Perikopa Injil hari ini (Yohanes 13:1-15) menceriterakan Yesus membasuh kaki para murid-Nya sebelum Paskah. Hal ini mau menunjukkan bahwa kasih yang melampaui, kerendahan hati, dan teladan pelayanan. Yesus, sebagai Guru dan Tuhan, merendahkan diri layaknya budak untuk mengajar para murid-Nya agar saling melayani dan mengasihi. Ini adalah simbol penyucian dosa dan panggilan untuk berkorban. *”Yesus menanggalkan jubah-Nya.
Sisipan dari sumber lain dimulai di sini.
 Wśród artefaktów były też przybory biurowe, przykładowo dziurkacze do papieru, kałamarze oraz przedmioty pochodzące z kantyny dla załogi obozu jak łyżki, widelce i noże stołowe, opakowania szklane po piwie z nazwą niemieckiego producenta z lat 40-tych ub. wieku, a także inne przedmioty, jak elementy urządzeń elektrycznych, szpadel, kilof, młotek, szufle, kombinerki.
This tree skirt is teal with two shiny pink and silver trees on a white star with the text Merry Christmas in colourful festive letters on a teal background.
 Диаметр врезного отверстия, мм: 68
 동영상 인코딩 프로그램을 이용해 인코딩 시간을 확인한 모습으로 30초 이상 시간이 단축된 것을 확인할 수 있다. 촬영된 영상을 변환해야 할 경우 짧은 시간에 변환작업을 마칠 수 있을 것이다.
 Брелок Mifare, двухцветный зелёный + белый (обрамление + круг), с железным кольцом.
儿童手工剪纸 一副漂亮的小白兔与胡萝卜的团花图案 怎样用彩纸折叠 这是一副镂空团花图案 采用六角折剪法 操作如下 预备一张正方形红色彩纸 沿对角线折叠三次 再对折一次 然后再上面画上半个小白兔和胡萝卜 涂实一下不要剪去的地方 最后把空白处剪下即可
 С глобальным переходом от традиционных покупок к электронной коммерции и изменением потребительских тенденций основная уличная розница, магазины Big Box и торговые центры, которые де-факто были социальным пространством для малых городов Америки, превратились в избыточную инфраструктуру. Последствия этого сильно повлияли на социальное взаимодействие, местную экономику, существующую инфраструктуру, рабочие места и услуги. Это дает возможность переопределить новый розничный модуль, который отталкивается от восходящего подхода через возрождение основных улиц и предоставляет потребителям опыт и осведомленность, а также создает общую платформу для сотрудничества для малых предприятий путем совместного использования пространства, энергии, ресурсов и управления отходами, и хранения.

Ia mengambil sehelai kain lenan dan mengikatkan pada pinggang-Nya, kemudian Ia menuangkan air ke dalam sebuah basi, dan mulai membasuh kaki murid-murid-Nya lalu menyekanya dengan kain yang terikat pada pinggang-Nya itu” (ay. 5).* Yesus membasuh kaki para murid-Nya, sebuah tugas yang biasanya dilakukan oleh pelayan terendah.
Petrus awalnya menolak kakinya dibasuh, dengan berkata: *”Tuhan, Engkau hendak membasuh kakiku?” (ay. 6).* Mendengar apa yang dikatakan Petrus, lalu Yesus berkata: *”Apa yang Kuperbuat, engkau tidak tahu sekarang, tetapi engkau akan mengertinya kelak” (ay. 7).* Yesus menegaskan bahwa pembasuhan ini perlu agar Petrus mendapat bagian dalam diri-Nya.
Ketika membasuh kaki para murid-Nya, Yesus mengungkapkan wajah seorang pemimpin yang rendah hati. Pada saat yang sama, Yesus menunjukkan wajah Allah yang PENUH BELAS KASIH. KERENDAHAN HATI dan BELAS KASIH adalah dua kebajikan dasar yang menjadi kekuatan orang dalam pelayanan. Hanya orang yang rendah hati yang mampu melayani. Hanya orang yang berbelas kasih yang mau melupakan dirinya, memberi diri sepenuhnya bagi kegembiraan dan kebahagiaan orang lain
*Lalu, bagaimana dengan kita?
*Yesus memanggil kita untuk menyerahkan diri seutuhnya, menghendaki agar cinta kita sama utuhnya, sama sempurnanya seperti cinta-Nya sendiri. Yesus menghendaki agar kita membungkuk sampai ke tanah dan pergi ke tempat-tempat yang membutuhkan pembasuhan. Dengan saling memberikan diri, Yesus menghendaki agar kita menjadi satu tubuh dan satu Roh yang dipersatukan oleh cinta Allah.
Selamat merayakan hari KAMIS SUCI.
GOD bless you.🙏
@Dami Tiala
Umat Lingk. Ratu Kenyo, Gereja Santo Petrus dan Paulus BABADAN Wedomartani, Sleman – DIY.